Opening times: 12 – 5 pm Fridays, Saturdays and Sundays
Launch: 3 May 4 – 6pm, all welcome, refreshments served
Closing performance Sunday 29th June: Phil Coy invites local music producer and UK dub legend Adrian Sherwood and friends to hijack sixty beats per minute. They will perform a new composition and live dub remix that breaks down the mechanics of the clocks regimented beat.
More details:
St George’s Church is a prominent feature of Ramsgate’s skyline thanks to its architecturally unique tower that acts as both mechanical Turret Clock, displaying the time to viewpoints across Ramsgate, and as a Lantern Tower, built to aid navigation in the English Channel. When constructed, these technologies signified a fundamental change in the world’s consumption of time. Populations were no longer attuned to the rhythms of the sun and the seasons but instead forced to keep pace with time dealt by a mechanical clock. In the
200 years since the introduction of clock towers our relationship to time is ever more sequenced, reaching fever pitch in the always on world of global surveillance capitalism.

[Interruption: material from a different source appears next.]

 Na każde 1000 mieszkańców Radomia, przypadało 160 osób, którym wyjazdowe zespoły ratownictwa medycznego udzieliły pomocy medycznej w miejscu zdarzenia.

An intrinsic element to sixty beats per minute is the live 24/7 relay of the 1829 Vulliamy turret clock – a unique working example of the celebrated horologist’s technological skill with a rich mechanical sound. For users in search of authentic analogue rhythm, this live audio stream offers an ambient aid to mediation in an angst-ridden world.

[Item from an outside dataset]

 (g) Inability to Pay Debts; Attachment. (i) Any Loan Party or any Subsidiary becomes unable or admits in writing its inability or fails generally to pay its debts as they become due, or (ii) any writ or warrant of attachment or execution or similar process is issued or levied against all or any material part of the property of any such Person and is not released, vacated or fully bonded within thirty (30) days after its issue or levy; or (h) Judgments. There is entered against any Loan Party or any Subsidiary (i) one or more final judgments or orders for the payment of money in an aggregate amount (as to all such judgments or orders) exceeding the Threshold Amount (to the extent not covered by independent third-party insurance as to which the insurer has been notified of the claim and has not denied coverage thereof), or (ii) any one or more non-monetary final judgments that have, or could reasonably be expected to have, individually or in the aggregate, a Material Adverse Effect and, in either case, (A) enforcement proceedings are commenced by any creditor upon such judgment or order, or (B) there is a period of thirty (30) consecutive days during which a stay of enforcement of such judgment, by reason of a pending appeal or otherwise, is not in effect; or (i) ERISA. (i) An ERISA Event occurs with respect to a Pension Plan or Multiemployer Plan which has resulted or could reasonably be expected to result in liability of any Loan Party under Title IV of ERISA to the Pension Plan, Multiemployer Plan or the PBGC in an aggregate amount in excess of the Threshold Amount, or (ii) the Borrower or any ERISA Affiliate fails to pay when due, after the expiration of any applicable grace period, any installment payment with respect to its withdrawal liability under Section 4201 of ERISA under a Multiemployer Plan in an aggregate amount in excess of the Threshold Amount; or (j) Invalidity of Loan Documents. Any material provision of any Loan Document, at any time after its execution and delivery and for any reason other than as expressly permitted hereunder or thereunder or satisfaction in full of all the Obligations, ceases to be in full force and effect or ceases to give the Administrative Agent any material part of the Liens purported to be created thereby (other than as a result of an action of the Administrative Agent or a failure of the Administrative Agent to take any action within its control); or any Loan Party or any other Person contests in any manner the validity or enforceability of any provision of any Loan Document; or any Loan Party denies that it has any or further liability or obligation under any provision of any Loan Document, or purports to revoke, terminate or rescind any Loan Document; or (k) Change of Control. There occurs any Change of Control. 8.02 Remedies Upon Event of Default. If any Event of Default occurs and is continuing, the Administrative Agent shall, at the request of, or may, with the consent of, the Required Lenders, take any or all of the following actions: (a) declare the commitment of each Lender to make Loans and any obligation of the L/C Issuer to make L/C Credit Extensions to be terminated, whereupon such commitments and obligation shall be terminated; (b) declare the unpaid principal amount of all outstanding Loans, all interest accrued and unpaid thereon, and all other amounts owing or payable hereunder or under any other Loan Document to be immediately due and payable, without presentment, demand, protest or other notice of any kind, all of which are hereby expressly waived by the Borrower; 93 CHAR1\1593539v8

Tune in at sixtybeatsperminute.info
Phil Coy has exhibited nationally and internationally including: Matt’s Gallery; South London Gallery; Royal Observatory Greenwich Planetarium; York Art Gallery; FACT, Liverpool; Whitechapel Gallery, London; Eastside Projects, Birmingham; BFI London Film Festival; Focal Point Gallery, Southend; Loop, Barcelona; Volt, Bergen, Norway; Whitstable Biennale; Ferens Art Gallery, Hull; Aldeburgh Music festival; Artprojx Cinema, New York; Institute of Contemporary Art, London; Cornerhouse, Manchester: Chatham Historic Dockyard, Kent. A resident of Ramsgate for 10 years, sixty beats per minute is one of his most ambitious site-sensitive sound installations to date. Also exploring our perception of time, but through the lens of solar time, his exhibition sometimes i see ghosts is currently on at Front Room until 12 April 2025.
sixty beats per minute is supported by a series of workshops with local teenage musicians run by Pie Factory devised around the core relationship between time and music.

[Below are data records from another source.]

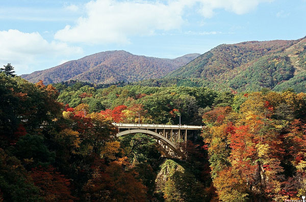 鳴子溫泉站[紅葉號巴士]→中山平口前→漫遊鳴子峽
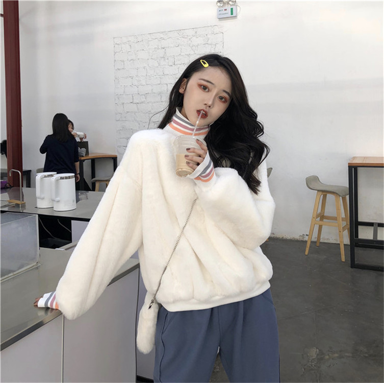 / 韓版百搭寬松加絨保暖時尚上衣長袖chic高領套頭毛毛衛衣女送包包
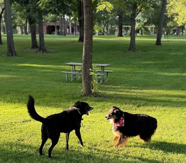 Ziggy and I enjoyed miles of walks through the woods and around the soccer and softball fields. The park straddles both sides of the Red River, separating North Dakota from Minnesota. Jay said he remembers 10,000 years ago when the Red River Valley was under a large glacial lake called Lake Agassiz.

Adrian Sherwood is a pioneer of the Dub sound tape delay techniques and has developed a cult-like following via his experiments in reggae, punk, post-punk and bass music. As the founder of the fiercely independent On-U Sound label he has brought the attention to artists like New Age Steppers, African Head Charge, Dub Syndicate, Creation Rebel and Tackhead.
sixty beats per minute has been commissioned and organised by Art and Christianity and St George’s Ramsgate.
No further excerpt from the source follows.